Home Software Services About Contact usearch manual
fastq_stats command

Report statistics on reads in a FASTQ file. Useful for choosing FASTQ filter parameters.

See also the fastq_eestats command, which has more and better reports.

Output is written to a file specified by the -log filename command-line option.

FASTQ format options are supported, these must be specified if the Q scores are specified using non-default ASCII characters.


usearch -fastq_stats reads.fastq -log stats.log

Reported statistics
The log file format is subject to change. It is meant to be human-readable rather than parsed by a script. It would be nice to have an option to write the information to a format like tabbed text that can easily be parsed or imported into a program such as Excel that can make charts. Hopefully I will add this feature in the near future; please let me know if you need this.

Length distribution
This section reports the read length distribution. Columns are: L=read length, N=number of reads, Pct=fraction of reads with this length, AccPct=fraction of reads that are greater than or equal to this length.

Q score distribution
This section reports the number of bases found for each Q score. Columns are: ASCII=symbol, Q=integer Phred score, N=number of bases, Pct=number of bases with this Q score, AccPct=number of bases with >= this Q score.

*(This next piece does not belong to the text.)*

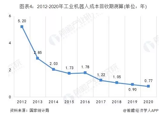 此外,假设一台工业机器人约可以代替4名工人,将维修费、机器折旧费等算入,根据测算,2018年工业机器人成本回收期约为1.05年,到2020年预计下降至0.77年。很明显,在人力成本上升和工业机器人回收期不断缩短的趋势下,工业机器人换人的临界点将至。

Length vs. quality distribution
This section shows the fraction of records and average expected number of errors obtained by truncating at each possible position in the read. Columns are: L=position in read, PctRecs=fraction of reads with at least this length, AvgQ=average Q score over all reads obtained by truncating at this position, P(AvgQ)=error probability corresponding to AvgQ, AvgP=average error probability

Expected error truncation summary
This section summarizes the effect of some common choices of max. expected errors trunction (fastq_filter command with -fastq_maxee and -fastq_trunclen options). L=truncation length, columns 1.0, 0.5, 0.25 and 0.1 give the number of reads and the fraction of reads respectively that would pass a filter with the options given (-fastq_trunclen=L and -fastq_maxee=1.0, 0.5, 0.25 or 0.1).

Minimum Q truncation summary
This section summarizes the effect of length truncation with some common choices of minimum Q (fastq_filter command with fastq_truncqual and fastq_trunclen options). Len is the truncation length (fastq_trunclen option), the other columns give the fraction of reads that pass that filter.